Der Hirt kennt seine Schafe nicht nur aus der Pfarrkartei oder - in der modernen Version - nach der Computerdatei, sondern persönlich: Er hat sie gern, er liebt sie. Doch weder Zettelkästen noch Monitore strahlen Liebe aus. Deshalb muss der Priester von heute Mensch sein mit Fleisch und Blut - sowohl ein menschlicher Geistlicher als auch ein geistlicher Mensch, ein Mann, der etwas ausstrahlt von der zärtlichen Liebe Gottes.
Das erinnert an die Gestalt des Orpheus, der durch seine Lieder die Menschen verzauberte. Seit jeher sind es Liebeslieder, die dem Orpheus in den Mund gelegt werden. Hirten gelten als Sänger der Liebe, gleichsam als Minnesänger von Gottes Menschenfreundlichkeit.
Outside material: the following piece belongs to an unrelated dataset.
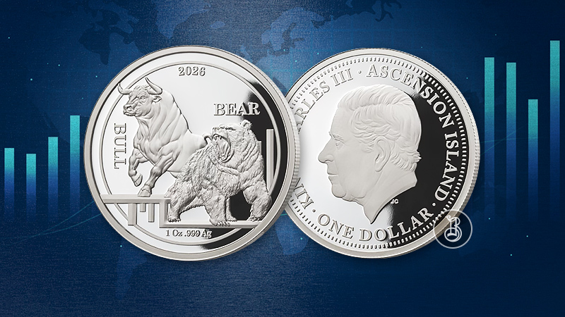 Серебряная монета «Бык и Медведь» символически отражает вечное противостояние двух сил, определяющих динамику мировых финансовых рынков. Образы быка и медведя – признанные символы роста и падения, оптимизма и осторожности – воплощают идею движения, борьбы и баланса, лежащих в основе биржевой торговли.

Ein solcher Minnesänger ist Papst Franziskus. Bei der Chrisammesse im Petersdom hat er ein Bild gebraucht, das sinnlich ist: Von der Akustik wechselte er in den Geruchssinn, als er die Hirten von heute an den "Stallgeruch der Herde" erinnerte. Die Ermutigung an die Priester, aus sich herauszugehen bis in die "Randgebiete", verband er mit der Mahnung, nicht um sich selbst zu kreisen und sich "selber in Duft zu hüllen". Traurige Hirten helfen der Herde nicht. Frohe Priester hingegen sind "weder Antiquitäten- noch Neuheitensammler", sondern "Hirten mit dem Geruch der Schafe". Der Aufruf des Papstes ist sehr konkret: "Seid Hirten mit dem Geruch der Schafe, dass man ihn riecht - Hirten inmitten ihrer Herde." Also: Stallgeruch ist gefragt, nicht After Shave!